The Gruppe was moved to the combat area of the Kuban bridgehead on 10 February 1943 where it was initially based at an airfield at Slavyansk-na-Kubani. Due to whether conditions, II. Gruppe then moved to Kerch on 16 February. There, Hoffmann claimed a Polikarpov R-5 shot down on 28 February. On 3 March, he was credited with destruction of a Yakovlev Yak-1 fighter followed by a LaGG-3 fighter two days later. On 13 March, the Gruppe moved to Anapa located on the northern coast of the Black Sea near the Sea of Azov and was fighting in the Battle of the Caucasus. According to Barbas, Hoffmann had increased his total number of aerial victories claimed to sixteen by the end of April 1943. While authors Prien, Stemmer, Rodeike and Bock, as well as authors Mathews and Foreman, list him with a total of 15 aerial victories in that timeframe. The discrepancies stem from aerial combat on 20 April. According to Barbas, Hoffmann shot down two Yak-1 fighters and a LaGG-3 fighter. The other authors list him with just two victories claimed that day, one Yak-1 fighter and one LaGG-3 fighter. By end of June, depending on source, his number of aerial victories increased to 26 or 25 respectively.

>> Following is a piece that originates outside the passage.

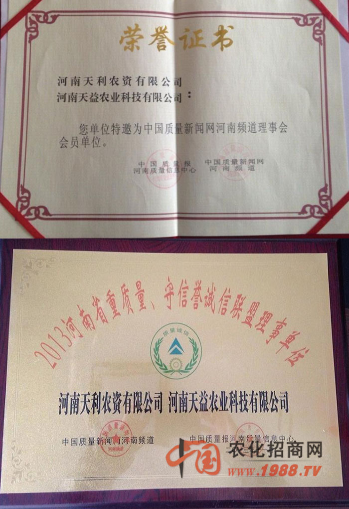 河南天利農(nóng)資有限公司為更好拓展市場(chǎng)和適應(yīng)市場(chǎng)發(fā)展趨勢(shì),2013年9月注冊(cè)分公司“河南天益農(nóng)業(yè)科技有限公司”注冊(cè)資金為2000萬(wàn)元,涉及行業(yè):農(nóng)業(yè)技術(shù)服務(wù)、開(kāi)發(fā);化肥;種子;貨物進(jìn)出口業(yè)務(wù)。不僅讓更多農(nóng)民朋友乃至東南亞各國(guó)的農(nóng)民朋友用到河南天利農(nóng)的增產(chǎn)系列產(chǎn)品,天利農(nóng)秉著服務(wù)三農(nóng),造福全世界農(nóng)民之宗旨,不斷打造出更好更省心更適合農(nóng)民的好農(nóng)藥。2013年河南天利農(nóng)資有限公司被國(guó)家輕工業(yè)部評(píng)為《著名品牌》;河南質(zhì)量監(jiān)督局評(píng)為《重質(zhì)量守信譽(yù)企業(yè)》;由河南科技報(bào)社為代表的八家單位評(píng)為《河南省科技創(chuàng)新具影響力企業(yè)》;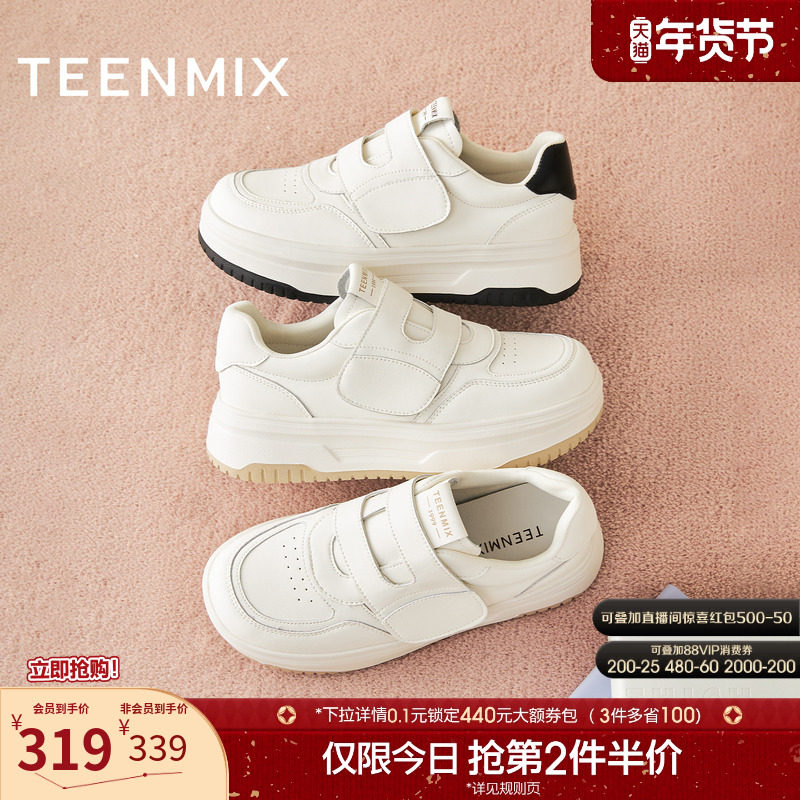 天美意魔术贴厚底增高面包小白鞋运动板鞋女鞋子休闲鞋2025秋新款

On 5 July, elements of II. Gruppe left the Anapa airfield and moved to an airfield at Gostagaevskaya located approximately 20 km northeast Anapa, and to Yevpatoriya on 12 July while the bulk of the Gruppe remained in Anapa. On 1 August 1943, Oberleutnant Heinrich Sturm succeeded Barkhorn as commander of 4. Staffel while Barkhorn was given command of II. Gruppe of JG 52. Again depending on source, Hoffmann increased his aerial victories to either 31 or to 30 by the end of August. On 27 August, II. Gruppe moved to an airfield at Bolschaya Rudka located approximately 19 km north-northwest of Poltava. Here, the Gruppe fought at Izium and Kharkov, providing fighter escort for Ju 87 dive bombers, Junkers Ju 88 and Heinkel He 111 bombers, and Henschel Hs 129 ground-attack aircraft. On 1 September, the Gruppe was ordered to Karlivka, approximately 50 km east-southeast of Poltava, where they stayed until 10 September, moving to an airfield north of Poltava. On 18 September, II. Gruppe moved again, then operating from an airfield south of Kiev. In September, Hoffmann's number of aerial victories stood at 43 claimed. On 25 September 1943, Hoffmann was shot down in aerial combat in his Messerschmitt Bf 109 G-6 (Werknummer 20127—factory number) 10 km west of Pereiaslav. He was wounded, grounding him for some time.

===Crimea===

II./JG 52 insignia

During his convalescence period, Hoffmann was awarded the German Cross in Gold (Deutsches Kreuz in Gold) on 12 December. He then returned to 4. Staffel of JG 52 and claimed his 43rd/44th—depending on source—aerial victory on 7 February 1944 over a Bell P-39 Airacobra fighter aircraft near Kerch. According to Obermaier, he claimed his 100th aerial victory on 16 March 1944 over the Crimea, which would make him the 65th Luftwaffe pilot to achieve the century mark. According to Barbas, as well as Mathews and Foreman, Hoffmann claimed his 100th aerial victory on 22 April 1944. On 8 April, Soviet forces had launched the Crimean offensive, forcing the Germans to evacuate the Crimea. On the first day of the operation, Hoffmann became an "ace-in-a-day" for the first time, claiming four Ilyushin Il-2 ground-attack aircraft and a Yak-1 fighter. The following day, he again claimed five aerial victories, making him and "ace-in-day" for the second time. On 17 and 18 April, Hoffmann claimed five and six aerial victories near Sevastopol, making him a four-time "ace-in-day". On 4 May 1944, 15 Bf 109s from II. Gruppe intercepted 24 Il-2 ground-attack aircraft from 8 GShAP (8th Guards Ground-attack Aviation Regiment) and 47 GShAP (47th Ground-attack Aviation Regiment), escorted by 23 fighter aircraft, over the Black Sea. In this encounter, pilots from II. Gruppe claimed six aerial victories, including two Il-2s by Hoffmann, without sustaining any losses. However, Soviet records only document the loss of three Il-2s and one Yakovlev Yak-9 fighter.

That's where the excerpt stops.